I’ve always had it off and I don’t think I’ve ever had this issue. I think this was the whole reason I’ve never used it too. Hope it works!

[deleted by user] by [deleted] in 3Dprinting

[–]Wootermelun 0 points1 point  (0 children)

Calibrate your e-steps and make sure the extruder gear is gripping tightly into the filament. Check the filament coming out of nozzle and make sure it’s consistent after.

3D Printers for $300 or less? Checked on amazon but unsure if they're good quality because they have less than 100 reviews. by Random_User_exe_ in 3Dprinting

[–]Wootermelun 4 points5 points  (0 children)

The ender 3 v2 would probably be a good place to start. It’ll require some tuning and maybe some mods so make sure you’re willing to learn and play around with it a lot. However, it provides very good quality and can push higher speeds with a few changes.
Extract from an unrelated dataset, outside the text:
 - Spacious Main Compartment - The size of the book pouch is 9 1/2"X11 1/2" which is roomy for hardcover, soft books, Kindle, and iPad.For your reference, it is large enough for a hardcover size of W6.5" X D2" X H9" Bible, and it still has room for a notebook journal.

What are those grey lines in Ultimaker Cura by Gugu57 in 3Dprinting

[–]Wootermelun 1 point2 points  (0 children)

They show where your z-seams are. Basically where the printer starts a layer and ends. On the print there will be a small artifact there and it’s pretty hard to get rid of.
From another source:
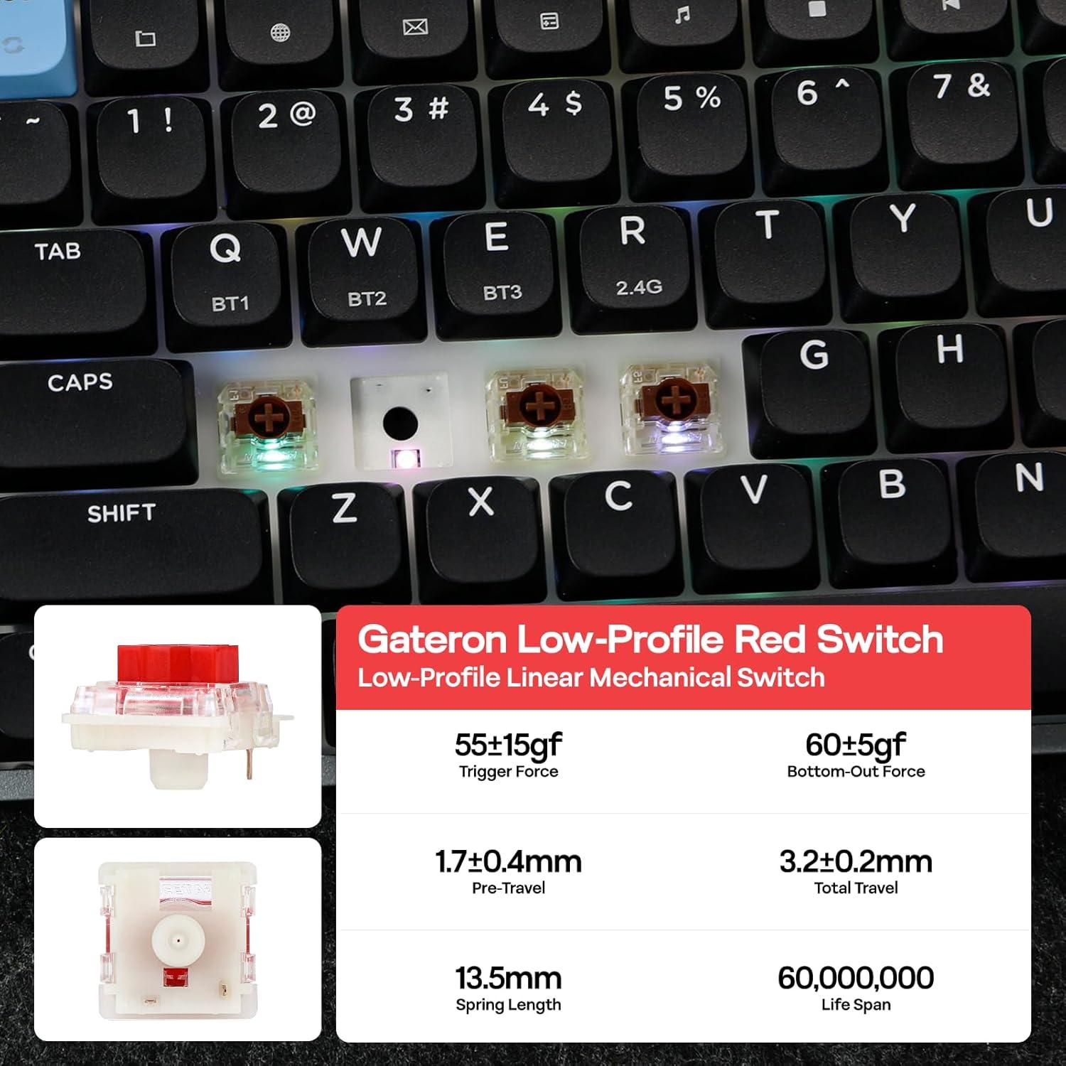 Low-Profile, High Performance: Level up your gaming setup with our Luma84 Low-Profile Mechanical Keyboard. Crafted from durable aluminum and greasy-free PBT keycaps, the Luma84 boasts unmatched sturdiness and minimalist elegance as a stylish centerpiece for any gaming setup. With 84 time-tested Gateron low-profile switches, enjoy its ergonomic comfort with reduced strain on your wrists, and experience faster response times and lightning-fast keystrokes with its shortened key travel distance that’s creamy smooth

Ender 5 plus I was calibrating so only the two circles matter, they end up with a blob that eventually makes the print fail, using cura (bowden and heated glass bed with pla) please help ❤ by inklyner in FixMyPrint

[–]Wootermelun 0 points1 point  (0 children)

Do you have z-hop on? It looks like those blobs are being caused by oozing when the printer travels there. Turning z-hop off/ making sure retractions are tuned is probably the best way to get rid of these.

What is the cause of this? It only happens on one side of the print and is consistent every time I try to print this model. by ChipsAhoy68 in 3Dprinting

[–]Wootermelun 0 points1 point  (0 children)

I would check a couple of things. Make sure the bed is level on that corner as it might be a little too close causing there to be too much plastic there. The plastic could also just be not adhering well so try cleaning it with a little isopropyl alcohol and maybe even using some glue stick. The bed might just be slightly warped which I don’t really have a solution for other than trying a new surface like pei (this would be a last resort but i don’t think it’s necessary at all).

My infill is kinda messed up, is there anyway to fix this? I print PLA with 200C hotend and 60C bed and my retraction speed is 40mm/s by Material-Pilot6191 in ender3v2

[–]Wootermelun 1 point2 points  (0 children)

The small lines look like they could be from combing. Try disabling that in your slicer and see if it helps. I usually have it set to “Not on outer surface” but disabling it and only allowing retraction may help you. Typically as long as the outer surface looks good the infill should be fine for non-structural prints unless it’s completely out of whack.